Courier operators in Nigeria are efficiently connecting sellers and buyers, driving e-commerce growth and nearly doubling sector revenue in just nine months. Yet, industry stakeholders warn that structural challenges continue to constrain its full potential, writes ARINZE NWAFOR.
According to data from the transport and storage industry, Nigeria’s post and courier sector generated N248.14 billion in the first nine months of 2025, up 56.28% from N158.73 billion during the same period in 2024. The growth reflects expanding parcel deliveries, intra-city dispatch services, and small cargo shipments nationwide.

A quarterly breakdown showed N140.35 billion in Q1 2025, followed by N54.79 billion in Q2 and N53 billion in Q3. For comparison, the same quarters in 2024 recorded N80.89 billion, N39.75 billion, and N38.09 billion respectively. Analysts attributed strong year-on-year growth to surging e-commerce, increased local deliveries, and small-scale exports, while seasonal trends influenced quarterly performance.
Experts said the unusually high Q1 revenue was driven by dry-season mobility, year-end festive spending, and robust consumer purchases. Conversely, the slowdown in Q2 and Q3 reflected heavy rains, reduced travel, and slower economic activity.
Despite these fluctuations, stakeholders agree that overall sector growth signals a gradual recovery in consumption and trade, cementing logistics as a key indicator of Nigeria’s economic health.

Grassroots Realities and Seasonal Trends
The sector’s resilience was evident, but growth remained uneven across the year. Mr Stephen, a driver with the Transport Company of Anambra State, noted that operations slowed during the peak rainy months of June and July due to poor weather and reduced travel. “Because of the rainy season, people are not able to move, so everything slows down,” he said. Business picked up from August onwards, making the overall 2025 performance comparable to the previous year.
He also highlighted the lingering effects of the 2023 economic shock caused by the naira devaluation, noting that while people could still afford to send waybills, drivers faced high fuel costs.
Supply chain expert Marcel Mba echoed these observations, explaining that logistics volumes in Nigeria typically peak during the dry season (January–March) when mobility and consumer spending increase. Conversely, the April–June rainy season slows movement, while festive periods between December and Easter boost deliveries. “Logistics mirrors the economy. High goods movement signals a vibrant economy; slow movement indicates economic contraction,” he said.

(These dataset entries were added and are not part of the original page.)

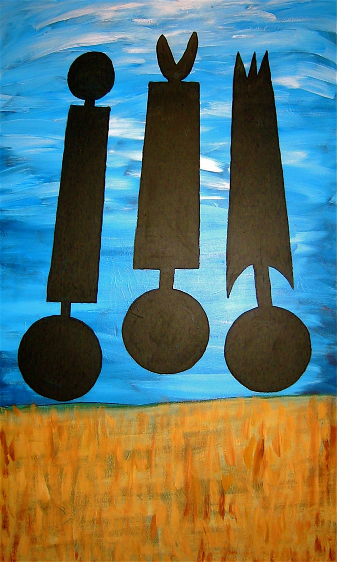 I was studying African masks and wall art at the same time as I was immersing myself in science fiction books and films… this odd image stayed on my easel for a long time… until I found the silhouettes of theses tribal masks… the description of the ceremony in which they were used was intense and deeply spiritual… they are silhouettes, because each participant of the ceremony is meant to see something different… come spirit walk with me in this painting and tell me what you see.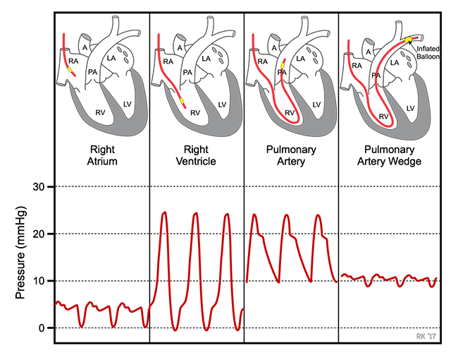 In 1970 two doctors, Swan & Ganz recognised the need to modify existing radiology catheters used for imaging the pulmonary artery. Their modification consisted of the addition of an inflatable balloon at the catheter tip. When introduced into the central venous circulation, it would be carried through the right atrium, ventrical and outflow tract into a small pulmonary artery. This obviated the need for radiologic control and enabled the catheter to be placed in patients in a variety of clinical settings.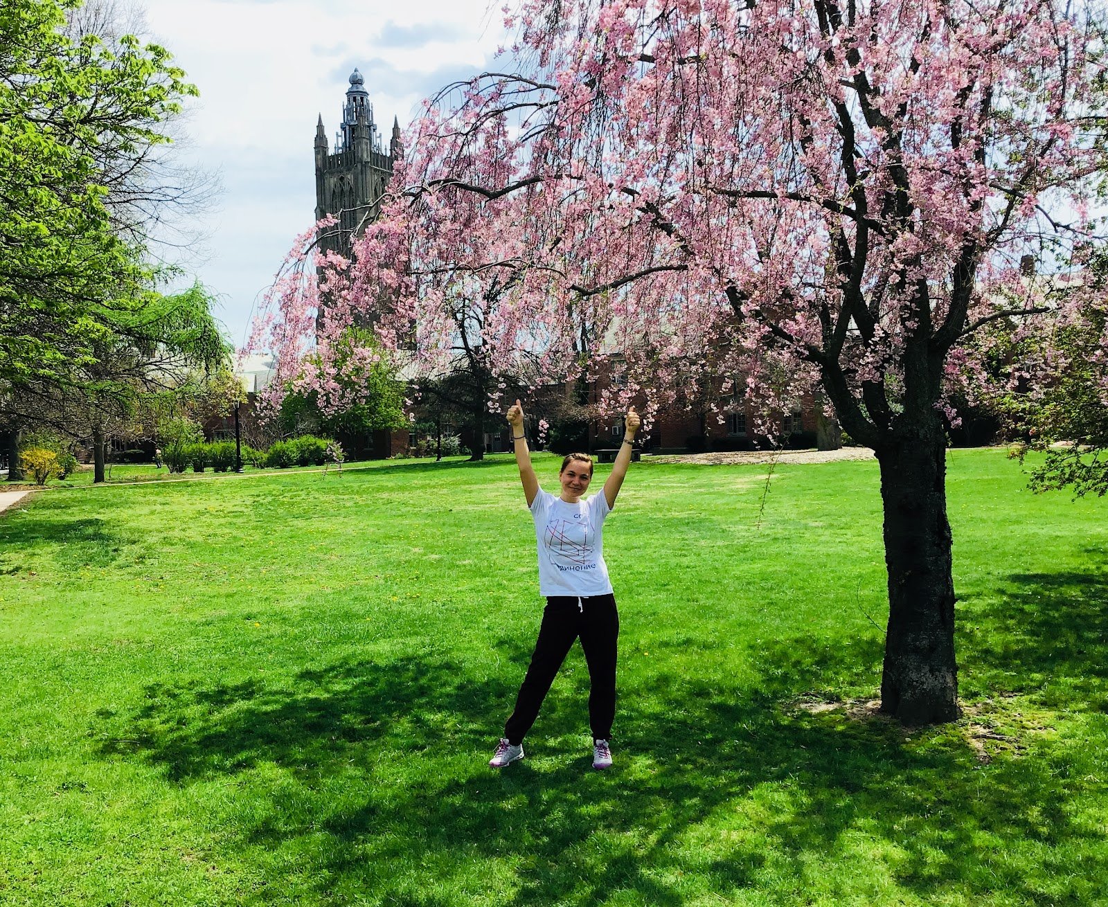Тифлокомментарий: зеленая лужайка недалеко от башни школны залита солнечным светом. Под цветущей сакурой розового цвета стоит улыбающаяся молодая девушка в белой футболке и черных брюках. Ее темные волосы убраны назад. Она протягивает руки вверх к цветущим веткам дерева, показывая знак «здорово»: кулаки сжаты, большие пальцы подняты вверх. Это Ксения Николаева.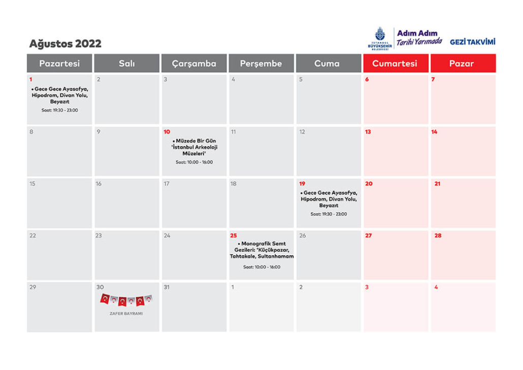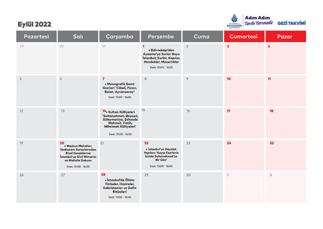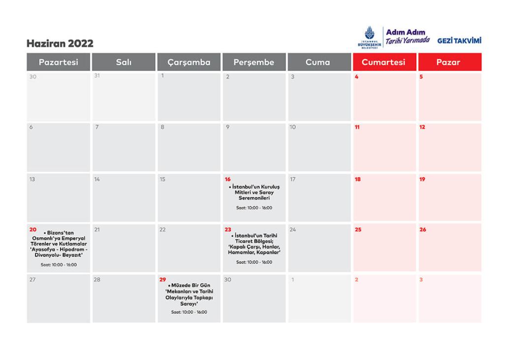 İstanbul’un sakinleri ve varisleri olmanın ayrıcalığını yaşatmayı hedefleyen proje İstanbul’un kadim tarihini, zengin birikimini ve geleneksel yaşam kültürünü gençlerle buluşturacak. Adım Adım Tarihi Yarımada Projesi’ne katılacak olan gençler için kültür tarihi gezileri, mimarlık tarihi gezileri, monografik semt gezileri, arkeolojik alan gezileri ve müze gezileri olmak üzere beş farklı kategoride şehir turları düzenlenecek. Turların ilk 16 Haziran’da Yarımada’da ‘İstanbul’un Kuruluş Mitleri ve Saray Seremonileri” temasıyla düzenlenecek.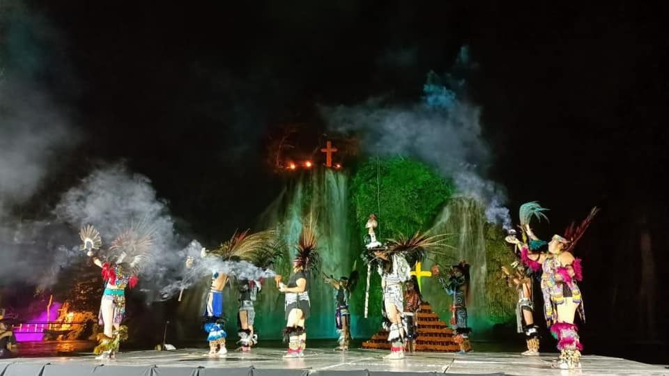 Con luces que iluminaban las espectaculares caídas de agua, el entorno natural de Tamasopo se transformó en un escenario vibrante de colores, danzas y música que evocan el respeto y la conexión con los ancestros en un ambiente lleno de vida y espiritualidad.
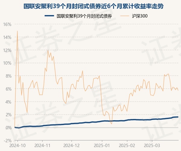 证券之星消息,3月27日,国联安聚利39个月封闭式债券最新单位净值为1.0115元,累计净值为1.0654元,较前一交易日上涨0.01%。历史数据显示该基金近1个月上涨0.43%,近3个月上涨0.74%,近6个月上涨1.59%,近1年上涨3.28%。该基金近6个月的累计收益率走势如下图:

E-Commerce and Changing Consumer Behaviour
Dr. Muda Yusuf, Director of the Centre for Promotion of Private Enterprise, attributed the sector’s growth to structural shifts in consumer habits, especially the rise of e-commerce. Intra-city courier services have expanded rapidly as Nigerians increasingly rely on home delivery. “People no longer travel for purchases; they order from home, and deliveries are made directly to them,” he said.
Yusuf also noted the rise of informal exports, with small consignments sent to Nigerians abroad increasing due to exchange rate incentives. Air cargo services, handled by international logistics firms, complement this domestic courier network. However, he warned that official statistics likely understate the sector’s size due to widespread informal delivery practices, including commercial vehicles and motor park operators.
Stakeholders Highlight Sector Challenges
Okey Uba, President of the Association of Nigeria Courier Operators (ANCO), said rising logistics costs have reinforced the value of courier services, as high fuel prices make delivery more practical for consumers. Health considerations and convenience have further fueled demand, particularly for groceries and pharmaceuticals.
Uba praised increased collaboration among operators, allowing firms to partner across cities rather than maintain costly branch networks. Yet he highlighted persistent challenges: weak manufacturing output limits parcel volumes, poor infrastructure delays deliveries, and high-interest financing hampers fleet expansion. He also noted regulatory issues, including overlapping roles of agencies and informal operators undercutting professional firms.

“Some traders and online merchants run their own delivery operations without meeting safety or regulatory standards, which distorts the market for established courier companies,” Uba said.
Conclusion
While Nigeria’s post and courier sector has grown rapidly, supported by e-commerce and changing consumer habits, infrastructure gaps, high operational costs, and regulatory inconsistencies continue to constrain its full potential. Stakeholders warn that addressing these structural issues is essential to sustain growth and ensure the sector can fully support the nation’s expanding digital economy.